Dashboard Week: Designing for Keyboard-Only Navigation in Power BI

Day 1 of Dashboard Week brought a challenge that was more about the user experience than anything else. We were tasked with building a report for Access London, but with a twist: our user is a consultant who relies solely on keyboard navigation and screen magnification.

Accessibility in data viz isn't just a 'nice to have.' When we build dashboards, we often assume everyone can use a mouse and has 20/20 vision. But of course that isn't always the case (I'm at about 10/10 vision myself). If people can’t navigate it, they can’t do their job.
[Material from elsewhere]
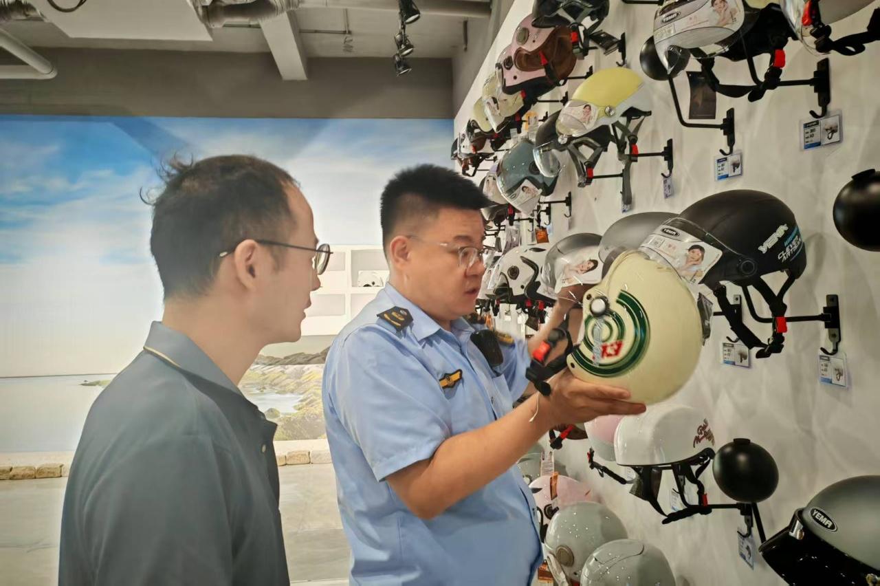 导报讯 近期,天气持续高温,导致摩托车、电动车头盔内衬脱胶问题投诉激增。兰溪市市场监管局迅速行动,对头盔生产企业开展检查,全力保障消费者“头顶安全”。

Design for accessibility is just generally good design as it makes the report clearer, more logical, and more efficient for everyone.

Access London have hired an expert to audit the city’s top attractions and TfL stations, but they can't use a mouse and rely solely on keyboard navigations. Here were the objectives of the brief:

  • Keyboard-Only: No mouse dependency whatsoever.
  • Fast Analysis: The user needs high-level summaries without digging through tables.
  • Magnification Friendly: High contrast and large focus areas for users zooming in at 400%.

To make the report actually usable for someone solely on a keyboard, I focused on a few key changes. I used a high-contrast theme to keep things sharp under magnification, and I manually reordered the tab sequence so the consultant could move logically through the page. I also swapped out dropdowns for large tile slicers to provide bigger, more obvious targets and reworded my titles as questions to make the data more intuitive. These changes were all about reducing friction and ensuring the dashboard functioned as I wanted it to.

Beyond the visuals, the data had to work hard too. I created a custom Accessibility Score using DAX, which assigned points for features like Step-Free Access, BSL guides, and accessible toilets. I then paired this with transport data to create a "Seamless Access Rate" KPI identifying if the journey from the station to the attraction is as inclusive as the venue itself.

Building this was a learning curve as it forced me to actually "walk" through my own report using only the Tab and Enter keys. It’s a great reminder that as data analysts, our job isn't just to find the insight, but also to make sure that insight is available to every single user, regardless of how they interact with the screen.